Alberto Cottica suggests that, in Walkaway, "The engine of progress is competition between different protocols for cooperating." Doctorow calls Walkaway a novel about "solving Ronald Coase’s coordination puzzle using networked tools" (with provisos). He adds:
I am a Coasean in that I think that all our institutions exist to help us figure out how to accomplish super-human (that is, “beyond one human’s ability”) tasks. [...] Command-and-control coordination, whether by your boss or the state, sucks, and the best thing you can say about it is it beats the alternative of scratching in the dirt, wishing you were John Galt and could raise a mighty skyscraper by sheer will as you starve to death on a diet of tubers and regrets. [...] 
Networked tools—wikis, source/version control, crawlers, searchbots, collaborative filters (and more advanced machine-learning cousins), containers, VMs, and others—provide a cauldron for all the stone soup the networked world cares to cook. Any of us can throw our contribution into the pot, and possibly improve the soup, and if the soup is not improved, we can always ctrl-Z revert it back to an earlier state. If we disagree about what belongs in the soup, we can fork the soup (or, I suppose, spoon it) and you can have your soup and I can have my soup and we don’t have to agree what goes in the soup. 
[...] The Coasean Internet is how we make OSes and encyclopedias with the kind of hierarchy we once deployed to oversee bake-sales or small town councils. [...] This is genuinely futuristic. The snarling, often dysfunctional world of Wikipedia edit wars and holy wars over free software vs open source are a much smaller hierarchical/institutional price to pay for getting projects on the scale of OSes and encylopediae than the institutions they are displacing. [...] 

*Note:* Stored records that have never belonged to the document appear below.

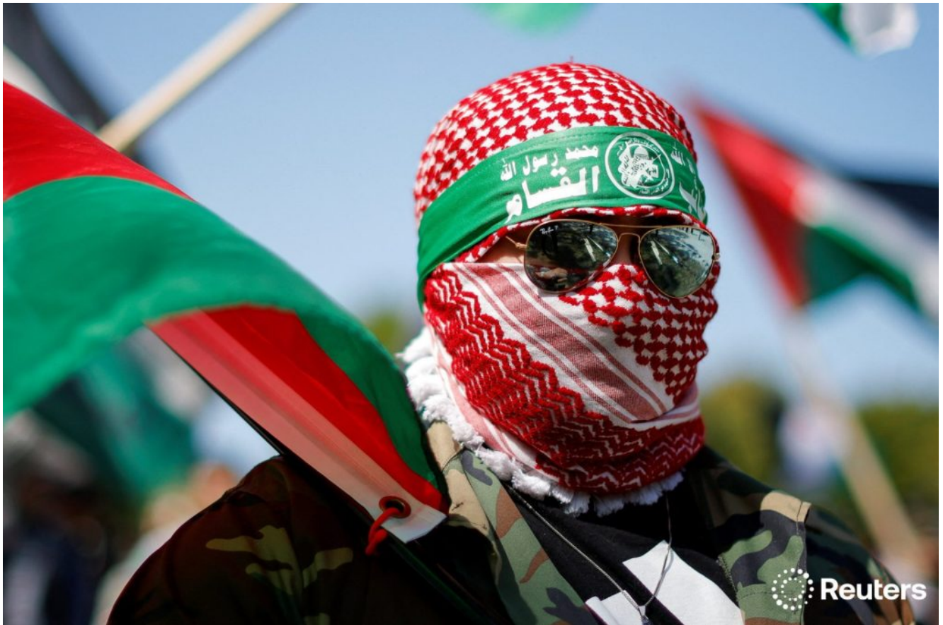
Photo : à Chicago, un manifestant participe à une manifestation de soutien aux Palestiniens, en marge de la Convention nationale du parti démocrate (DNC).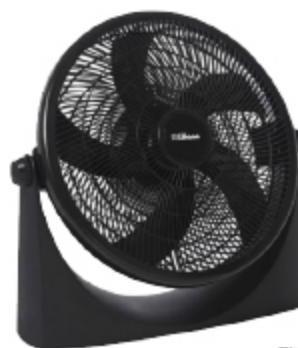
VENTILADOR LILIANA TURBO 18"

POR CUOTA SOBRE PRECIO DE LISTA: $ 50.352,00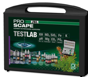
JBL PROAQUATEST LAB PROSCAPE Mala de teste p/ análise à água em aquários de plantas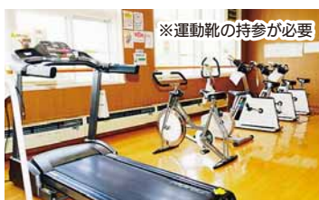
※運動靴の持参が必要

上野幌小学校の4階にあります。センター入口から直通エレベーターで4階まで直接お越しください。9時から21時まで無料で利用できるプレイルームには、ランニングマシンとエアロバイクを備えています！仕事帰りや休日など、健康づくりにご活用ください。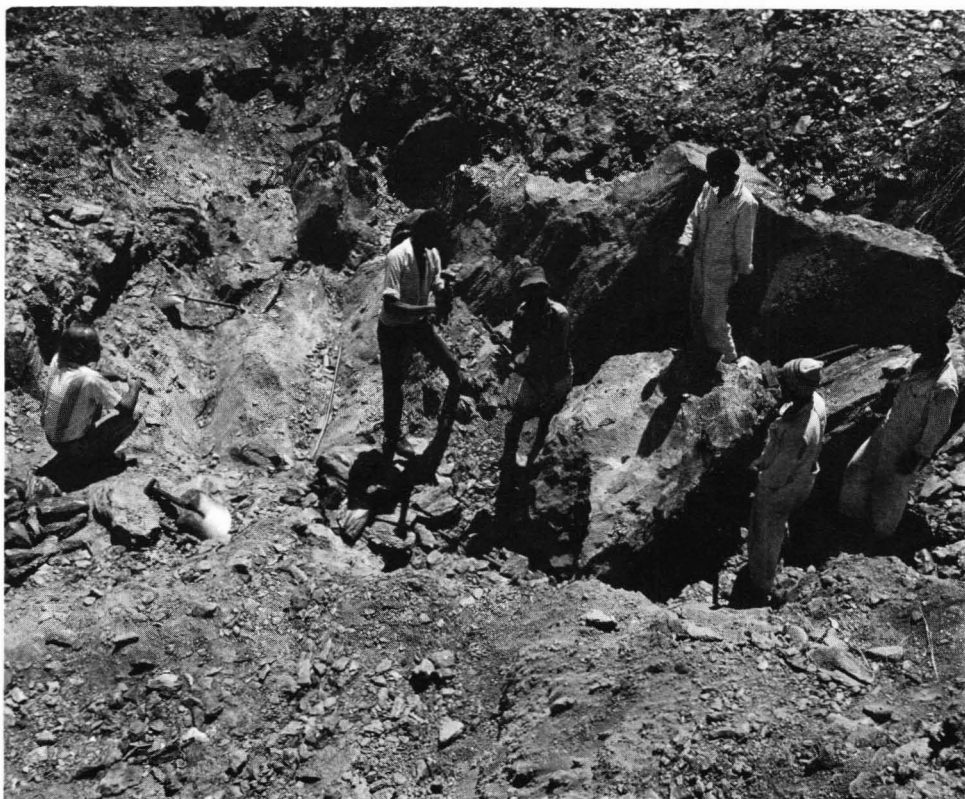
Her brytes gråberget med håndkraft.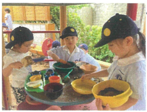
お砂場で、パーティ準備!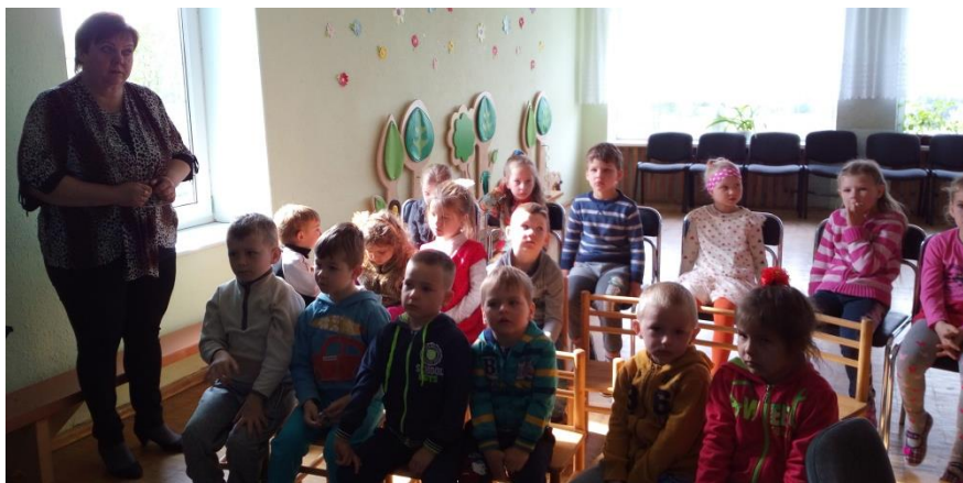
Jurbarko r. Veliunos A. ir J. Juškų gimnazija

Market economies are superbly efficient at reducing labor, energy and material costs in production (not out of an intrinsic desire to save any of these, but because the savings represent a competitive pricing opportunity and/or higher profits). But markets are great externalizers [...] [N]on-market economies -- reputation economies, gift economies —-can be designed to privilege genuine efficiencies over externalizing. That’s part of the appeal of Walkaway -- and of commons-based peer production.
('Coase's Spectre')
And, from the book itself, an example of a co-ordinating institution -- pre-digital -- which is praiseworthy both for its efficiency and lack of hierarchy:
Bucket brigades only ask you to work as hard as you want—rush forward to get a new load and back to pass it off, or amble between them, or vary your speed. It didn’t matter—if you went faster, it meant the people on either side of you didn’t have to walk as far, but it didn’t require them to go faster or slower. If you slowed, everyone else stayed at the same speed. Bucket brigades were a system through which everyone could do whatever they wanted—within the system—however fast you wanted to go; everything you did helped and none of it slowed down anyone else.
Capitalist default, by contrast, must be something like the bucket singularity of Goethe's 'Sorcerer's Apprentice.'

Walkaway is a deliberately discuss-able book, and it is being discussed.